Let’s take an actual example and see how this will play out: at the start of February, Danny Willett won a Euro event. Three weeks later, he was the third-highest-priced golfer in the Valspar Championship. You need to decide whether to roster him. You have his conventional data and his strokes gained data side by side, and you know strokes gained is missing an outright win. How do you resolve the gap in the data and make a go/no-go decision?

  • Do you ignore him and stick to PGA players only, where you’ll have full strokes gained data? You’re sticking your head in the sand on purpose and missing a lot of potential value.

 

  • Do you try to translate conventional data into strokes gained equivalents? That’s a really error-prone process, since there’s no way to know if you’re doing the translation correctly and potentially doing more harm than good. At that point, why not just use conventional data, since it’s already an apples-to-apples comparison?

 

  • Do you limit the use of strokes gained to tiebreaking purposes when you’re stuck between two players (Danny Willett vs. Patrick Reed, for example)? That’s closer to a reasonable response, but it still doesn’t address the gap in the data. Also, look at where you’ve ended up going this route: strokes gained has no longer become the primary metric you use for evaluation, but rather a third-tier tiebreaker.  And that proves the overall point that it’s not nearly as important as you might think.

 

I still believe additional information should only lead to better predictions, and there is a theoretical way to resolve all of these gaps with a sound methodology. But that solution will be full of gray areas and introduce massive amounts of subjectivity, which is in direct opposition to the spirit of our PGA product.

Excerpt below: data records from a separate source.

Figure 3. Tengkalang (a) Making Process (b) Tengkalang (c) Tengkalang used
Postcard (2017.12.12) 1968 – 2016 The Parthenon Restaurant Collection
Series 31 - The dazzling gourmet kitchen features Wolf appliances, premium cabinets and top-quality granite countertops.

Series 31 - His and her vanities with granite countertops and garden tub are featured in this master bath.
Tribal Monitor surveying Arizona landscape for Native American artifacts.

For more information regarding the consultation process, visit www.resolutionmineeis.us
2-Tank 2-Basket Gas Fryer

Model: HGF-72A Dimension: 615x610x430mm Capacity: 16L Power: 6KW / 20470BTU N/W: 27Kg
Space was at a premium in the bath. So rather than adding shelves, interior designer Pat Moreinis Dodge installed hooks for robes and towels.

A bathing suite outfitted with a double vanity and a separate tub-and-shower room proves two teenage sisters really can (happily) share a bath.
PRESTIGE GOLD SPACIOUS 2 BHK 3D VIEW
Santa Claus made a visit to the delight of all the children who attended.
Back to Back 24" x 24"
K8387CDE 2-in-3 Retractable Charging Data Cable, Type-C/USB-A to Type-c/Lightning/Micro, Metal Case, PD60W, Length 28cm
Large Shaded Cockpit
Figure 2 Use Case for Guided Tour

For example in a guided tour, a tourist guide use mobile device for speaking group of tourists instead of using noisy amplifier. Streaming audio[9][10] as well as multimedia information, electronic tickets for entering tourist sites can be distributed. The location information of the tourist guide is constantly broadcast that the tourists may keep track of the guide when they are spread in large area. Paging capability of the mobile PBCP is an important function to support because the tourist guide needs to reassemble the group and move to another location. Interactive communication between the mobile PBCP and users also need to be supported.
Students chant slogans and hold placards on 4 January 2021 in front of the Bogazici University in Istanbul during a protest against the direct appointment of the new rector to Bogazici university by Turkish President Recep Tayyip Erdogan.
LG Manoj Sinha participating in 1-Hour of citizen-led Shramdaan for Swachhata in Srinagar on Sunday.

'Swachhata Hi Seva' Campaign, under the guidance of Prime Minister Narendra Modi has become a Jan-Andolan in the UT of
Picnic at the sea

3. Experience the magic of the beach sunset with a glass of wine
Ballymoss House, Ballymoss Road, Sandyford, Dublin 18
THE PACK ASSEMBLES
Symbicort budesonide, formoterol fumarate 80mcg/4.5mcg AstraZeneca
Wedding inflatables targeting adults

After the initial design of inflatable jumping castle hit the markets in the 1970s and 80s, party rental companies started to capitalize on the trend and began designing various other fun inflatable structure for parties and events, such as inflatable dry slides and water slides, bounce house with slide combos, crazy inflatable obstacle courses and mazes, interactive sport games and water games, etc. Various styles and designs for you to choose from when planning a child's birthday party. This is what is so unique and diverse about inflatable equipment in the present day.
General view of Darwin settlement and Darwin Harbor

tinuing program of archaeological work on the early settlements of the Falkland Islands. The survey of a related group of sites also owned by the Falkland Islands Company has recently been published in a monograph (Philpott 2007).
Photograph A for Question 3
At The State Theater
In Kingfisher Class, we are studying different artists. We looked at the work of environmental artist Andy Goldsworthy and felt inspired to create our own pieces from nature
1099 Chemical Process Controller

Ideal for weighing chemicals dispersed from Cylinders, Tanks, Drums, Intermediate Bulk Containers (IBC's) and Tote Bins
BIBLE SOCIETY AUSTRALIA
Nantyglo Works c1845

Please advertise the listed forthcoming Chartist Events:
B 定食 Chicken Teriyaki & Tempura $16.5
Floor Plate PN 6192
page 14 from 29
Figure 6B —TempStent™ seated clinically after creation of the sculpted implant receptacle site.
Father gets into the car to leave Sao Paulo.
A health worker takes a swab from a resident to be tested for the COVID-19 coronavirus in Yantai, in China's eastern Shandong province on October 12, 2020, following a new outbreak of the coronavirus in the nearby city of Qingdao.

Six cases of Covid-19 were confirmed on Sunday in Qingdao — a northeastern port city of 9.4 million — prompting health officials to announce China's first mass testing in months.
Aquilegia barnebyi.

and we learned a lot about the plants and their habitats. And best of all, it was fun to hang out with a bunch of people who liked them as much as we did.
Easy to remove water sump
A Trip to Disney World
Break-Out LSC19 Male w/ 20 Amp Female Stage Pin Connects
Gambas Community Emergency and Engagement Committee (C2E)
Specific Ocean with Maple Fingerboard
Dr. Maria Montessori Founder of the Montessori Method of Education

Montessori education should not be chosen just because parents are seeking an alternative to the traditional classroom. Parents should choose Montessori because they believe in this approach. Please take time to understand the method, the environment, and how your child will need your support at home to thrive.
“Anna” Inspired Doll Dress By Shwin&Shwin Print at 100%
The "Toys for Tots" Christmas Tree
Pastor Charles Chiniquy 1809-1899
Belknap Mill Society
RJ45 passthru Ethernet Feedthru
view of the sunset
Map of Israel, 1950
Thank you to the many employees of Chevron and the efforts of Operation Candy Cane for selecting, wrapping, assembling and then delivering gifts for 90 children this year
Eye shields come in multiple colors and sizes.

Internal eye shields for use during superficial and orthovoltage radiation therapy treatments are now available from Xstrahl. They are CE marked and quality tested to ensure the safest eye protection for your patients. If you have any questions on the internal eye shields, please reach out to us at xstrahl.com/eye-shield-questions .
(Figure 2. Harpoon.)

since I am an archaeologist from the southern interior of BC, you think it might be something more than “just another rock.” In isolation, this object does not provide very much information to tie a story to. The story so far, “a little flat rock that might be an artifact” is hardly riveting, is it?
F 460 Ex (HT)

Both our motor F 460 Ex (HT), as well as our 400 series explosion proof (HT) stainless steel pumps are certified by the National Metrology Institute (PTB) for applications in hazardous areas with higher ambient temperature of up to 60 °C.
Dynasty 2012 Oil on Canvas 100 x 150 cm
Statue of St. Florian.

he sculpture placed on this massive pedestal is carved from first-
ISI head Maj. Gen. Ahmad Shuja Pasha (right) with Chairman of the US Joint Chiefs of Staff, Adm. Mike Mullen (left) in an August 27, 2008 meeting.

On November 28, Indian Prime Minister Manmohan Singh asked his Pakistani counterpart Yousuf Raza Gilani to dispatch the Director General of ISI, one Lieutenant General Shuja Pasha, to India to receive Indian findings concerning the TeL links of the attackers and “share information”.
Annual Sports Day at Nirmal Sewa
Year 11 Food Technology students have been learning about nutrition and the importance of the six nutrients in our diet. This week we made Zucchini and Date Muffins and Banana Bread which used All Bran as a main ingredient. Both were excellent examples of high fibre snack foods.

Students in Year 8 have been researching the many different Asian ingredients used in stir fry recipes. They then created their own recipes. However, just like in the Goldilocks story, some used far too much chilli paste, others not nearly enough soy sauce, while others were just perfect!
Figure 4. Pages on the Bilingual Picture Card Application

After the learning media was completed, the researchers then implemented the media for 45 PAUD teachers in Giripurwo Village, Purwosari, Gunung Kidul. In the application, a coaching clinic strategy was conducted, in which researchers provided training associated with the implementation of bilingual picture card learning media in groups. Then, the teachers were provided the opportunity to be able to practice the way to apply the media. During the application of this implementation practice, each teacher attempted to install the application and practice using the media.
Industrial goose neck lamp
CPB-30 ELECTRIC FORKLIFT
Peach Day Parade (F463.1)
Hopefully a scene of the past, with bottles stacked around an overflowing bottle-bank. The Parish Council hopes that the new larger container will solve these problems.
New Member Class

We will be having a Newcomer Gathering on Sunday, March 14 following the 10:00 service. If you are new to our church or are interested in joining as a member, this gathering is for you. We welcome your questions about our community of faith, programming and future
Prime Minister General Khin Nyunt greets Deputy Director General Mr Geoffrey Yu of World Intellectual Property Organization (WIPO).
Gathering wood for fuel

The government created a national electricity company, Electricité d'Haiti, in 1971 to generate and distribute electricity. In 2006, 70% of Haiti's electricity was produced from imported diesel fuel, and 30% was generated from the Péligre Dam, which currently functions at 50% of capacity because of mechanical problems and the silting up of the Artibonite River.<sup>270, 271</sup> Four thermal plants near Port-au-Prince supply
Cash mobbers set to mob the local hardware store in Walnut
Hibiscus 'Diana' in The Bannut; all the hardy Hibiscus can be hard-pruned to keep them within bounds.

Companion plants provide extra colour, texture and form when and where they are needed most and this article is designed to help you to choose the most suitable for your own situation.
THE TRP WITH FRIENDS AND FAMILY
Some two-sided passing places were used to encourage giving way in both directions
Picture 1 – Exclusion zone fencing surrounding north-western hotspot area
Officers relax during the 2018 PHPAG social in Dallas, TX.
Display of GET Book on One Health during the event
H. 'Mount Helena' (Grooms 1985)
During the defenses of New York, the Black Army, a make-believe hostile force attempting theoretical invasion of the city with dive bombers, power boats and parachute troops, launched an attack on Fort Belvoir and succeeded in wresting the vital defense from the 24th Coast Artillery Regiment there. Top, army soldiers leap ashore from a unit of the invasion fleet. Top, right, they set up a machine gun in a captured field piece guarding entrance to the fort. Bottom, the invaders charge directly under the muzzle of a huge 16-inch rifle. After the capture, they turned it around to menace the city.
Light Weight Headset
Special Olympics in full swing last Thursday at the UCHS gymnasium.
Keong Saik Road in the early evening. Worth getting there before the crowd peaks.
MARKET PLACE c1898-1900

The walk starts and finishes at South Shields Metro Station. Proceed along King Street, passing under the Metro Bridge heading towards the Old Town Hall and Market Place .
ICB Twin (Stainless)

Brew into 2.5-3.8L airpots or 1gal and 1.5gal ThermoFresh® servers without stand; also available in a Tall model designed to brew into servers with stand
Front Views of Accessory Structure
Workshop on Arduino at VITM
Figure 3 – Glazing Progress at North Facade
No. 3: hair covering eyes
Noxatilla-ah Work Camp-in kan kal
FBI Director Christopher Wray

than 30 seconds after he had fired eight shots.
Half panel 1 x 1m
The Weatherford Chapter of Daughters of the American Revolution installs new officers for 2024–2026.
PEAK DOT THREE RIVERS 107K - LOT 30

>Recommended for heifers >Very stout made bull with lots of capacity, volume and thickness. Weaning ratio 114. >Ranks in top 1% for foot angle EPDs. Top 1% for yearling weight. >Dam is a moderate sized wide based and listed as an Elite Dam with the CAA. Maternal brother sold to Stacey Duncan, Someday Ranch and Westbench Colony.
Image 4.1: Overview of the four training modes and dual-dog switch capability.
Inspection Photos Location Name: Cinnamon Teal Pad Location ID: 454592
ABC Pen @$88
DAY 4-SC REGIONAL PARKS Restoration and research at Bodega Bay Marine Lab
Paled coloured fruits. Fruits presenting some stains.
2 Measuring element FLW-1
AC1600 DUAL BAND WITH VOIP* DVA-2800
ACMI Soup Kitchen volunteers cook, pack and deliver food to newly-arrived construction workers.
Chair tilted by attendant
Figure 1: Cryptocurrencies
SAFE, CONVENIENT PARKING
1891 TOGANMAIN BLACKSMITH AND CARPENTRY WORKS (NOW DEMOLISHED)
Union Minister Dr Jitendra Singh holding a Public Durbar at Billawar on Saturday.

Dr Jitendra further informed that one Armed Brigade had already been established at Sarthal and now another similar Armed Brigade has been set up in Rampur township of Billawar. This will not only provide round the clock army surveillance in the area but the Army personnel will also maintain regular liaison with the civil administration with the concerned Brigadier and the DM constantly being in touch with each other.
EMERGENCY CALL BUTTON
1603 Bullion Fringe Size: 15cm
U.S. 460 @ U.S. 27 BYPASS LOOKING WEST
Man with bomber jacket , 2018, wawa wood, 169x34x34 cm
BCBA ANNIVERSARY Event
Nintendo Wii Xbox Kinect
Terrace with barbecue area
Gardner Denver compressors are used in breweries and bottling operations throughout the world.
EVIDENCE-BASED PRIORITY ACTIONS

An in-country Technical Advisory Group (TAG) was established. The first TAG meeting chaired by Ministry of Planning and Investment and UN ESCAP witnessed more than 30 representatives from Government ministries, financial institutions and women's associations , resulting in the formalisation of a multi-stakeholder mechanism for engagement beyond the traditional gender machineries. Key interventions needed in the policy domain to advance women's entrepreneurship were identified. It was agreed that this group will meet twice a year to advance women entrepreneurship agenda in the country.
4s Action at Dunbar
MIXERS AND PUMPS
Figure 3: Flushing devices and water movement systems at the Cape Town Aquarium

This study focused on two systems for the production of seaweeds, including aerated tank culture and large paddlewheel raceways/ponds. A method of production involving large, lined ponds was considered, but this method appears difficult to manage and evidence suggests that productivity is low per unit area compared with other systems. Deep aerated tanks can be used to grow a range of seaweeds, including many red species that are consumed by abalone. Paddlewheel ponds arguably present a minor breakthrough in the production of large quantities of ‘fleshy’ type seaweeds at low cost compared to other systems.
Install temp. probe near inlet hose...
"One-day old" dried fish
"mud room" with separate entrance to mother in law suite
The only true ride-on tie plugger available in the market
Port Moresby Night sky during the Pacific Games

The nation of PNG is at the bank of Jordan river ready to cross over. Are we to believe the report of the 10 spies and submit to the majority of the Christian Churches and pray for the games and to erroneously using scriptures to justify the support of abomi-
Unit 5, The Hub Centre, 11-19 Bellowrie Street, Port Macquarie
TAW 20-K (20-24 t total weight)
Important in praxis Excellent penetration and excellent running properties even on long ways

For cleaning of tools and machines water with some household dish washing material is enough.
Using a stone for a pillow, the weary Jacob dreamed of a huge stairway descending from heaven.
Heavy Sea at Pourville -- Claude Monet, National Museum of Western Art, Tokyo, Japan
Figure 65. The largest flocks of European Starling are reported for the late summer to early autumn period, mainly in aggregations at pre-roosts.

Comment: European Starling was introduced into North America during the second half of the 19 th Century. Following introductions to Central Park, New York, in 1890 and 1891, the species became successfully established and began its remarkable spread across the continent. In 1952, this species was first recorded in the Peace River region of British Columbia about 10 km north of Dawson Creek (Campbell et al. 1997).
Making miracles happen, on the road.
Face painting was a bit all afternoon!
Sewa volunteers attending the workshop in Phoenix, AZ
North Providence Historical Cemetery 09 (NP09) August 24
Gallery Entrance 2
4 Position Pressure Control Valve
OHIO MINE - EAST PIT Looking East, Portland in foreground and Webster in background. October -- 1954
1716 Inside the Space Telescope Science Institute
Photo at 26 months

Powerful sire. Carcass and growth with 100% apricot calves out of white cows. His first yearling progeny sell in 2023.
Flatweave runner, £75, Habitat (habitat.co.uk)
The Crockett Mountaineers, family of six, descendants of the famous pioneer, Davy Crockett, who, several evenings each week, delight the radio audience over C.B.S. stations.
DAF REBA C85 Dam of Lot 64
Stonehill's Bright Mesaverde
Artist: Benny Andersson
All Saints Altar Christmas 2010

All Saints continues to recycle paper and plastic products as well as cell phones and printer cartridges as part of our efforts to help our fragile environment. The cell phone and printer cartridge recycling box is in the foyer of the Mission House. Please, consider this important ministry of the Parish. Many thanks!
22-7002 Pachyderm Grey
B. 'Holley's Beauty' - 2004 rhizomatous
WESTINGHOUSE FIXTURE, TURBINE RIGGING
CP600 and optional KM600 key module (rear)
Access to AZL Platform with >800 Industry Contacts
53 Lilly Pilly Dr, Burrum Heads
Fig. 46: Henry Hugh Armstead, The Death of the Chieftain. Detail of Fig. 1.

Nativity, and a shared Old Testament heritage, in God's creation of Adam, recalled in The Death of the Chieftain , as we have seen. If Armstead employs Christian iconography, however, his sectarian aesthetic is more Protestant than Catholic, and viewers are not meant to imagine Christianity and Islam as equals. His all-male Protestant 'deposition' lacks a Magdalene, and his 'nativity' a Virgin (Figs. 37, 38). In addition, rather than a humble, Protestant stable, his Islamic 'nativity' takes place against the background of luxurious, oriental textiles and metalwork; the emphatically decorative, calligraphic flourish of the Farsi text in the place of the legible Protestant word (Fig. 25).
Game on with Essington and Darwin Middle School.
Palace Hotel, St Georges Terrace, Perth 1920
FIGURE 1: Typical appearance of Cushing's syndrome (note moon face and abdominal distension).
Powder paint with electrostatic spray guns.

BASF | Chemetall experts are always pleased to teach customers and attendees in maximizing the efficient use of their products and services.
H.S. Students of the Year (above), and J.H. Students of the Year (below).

If I thought strokes gained was this massive fountain of edge that made the subjectivity worth it, I would include it, but all of the data and potential uses point to the costs outweighing the benefits too often. I am still excited at ShotLink data being used to advance golf analytics in general, but remember: it was never intended to be used to develop out-of-sample predictions.

So let’s stop pretending like it has to be used in DFS.